I’m always amused when I hear people talk about the plight of the low-wage worker. I spent the better part of a decade busing, washing dishes, and waiting tables.

Yeah, it was rough. Yeah, it was hard to make ends meet. Did I like the jobs? Of course not. I hated them. But they kept the heat on and put food in the refrigerator. It took budgeting discipline and extreme frugality, but it was manageable.

Would I have preferred higher wages? Of course.

But you know what I hated most about those low-wage food service jobs? I hated knowing that no matter how hard I worked, no matter how good I became at my job, there was little chance that I’d be paid more than the day I was hired.

Luckily, I also knew my job was a steppingstone to something better. It wasn’t a vocation. I got out. But there are some who think they’re doomed to a life of low-wage labor and that raising minimum wage rates will solve their problems.
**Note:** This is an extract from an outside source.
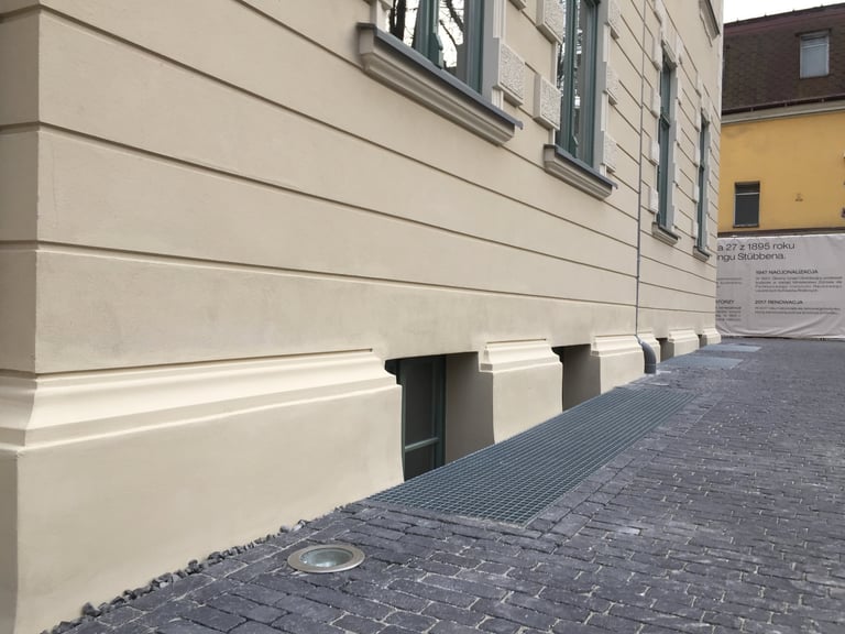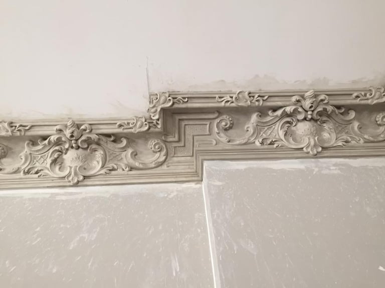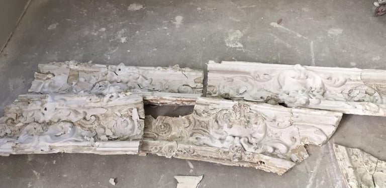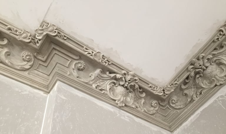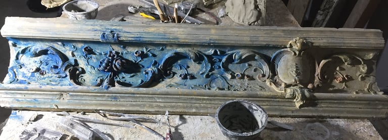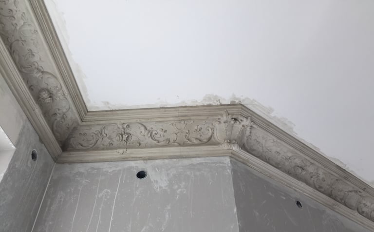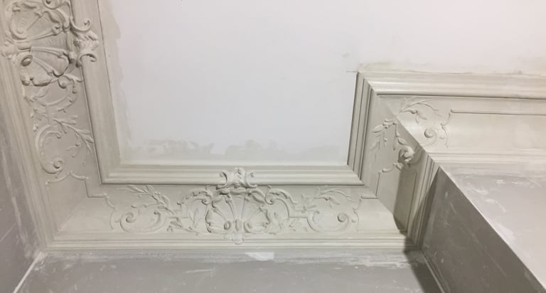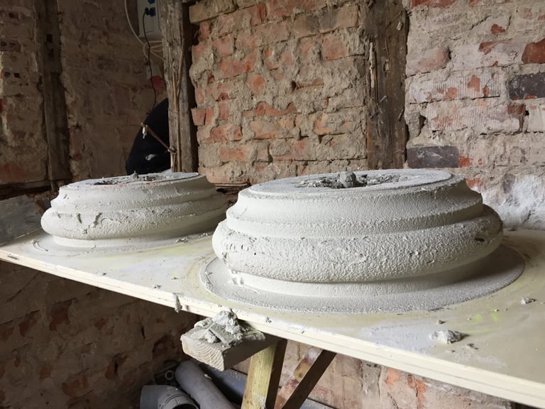 Podczas prac odtworzono pięć różnych typów zabytkowych gzymsów, zachowanych jedynie we fragmentach.

I don’t think the answer lies in tinkering with minimum wage laws. In fact, I believe those laws are doing more harm than good:

Instead, how about we throw out those laws and let employers and their employees engage in wage negotiations?

Let employees market their skills and labor.

Most employees will work harder if there is promise of greater pay and most employers will pay premiums for seasoned labor. It’s a win-win scenario.

A situation where harder work is not and cannot be rewarded – well, that’s pretty miserable, isn’t it?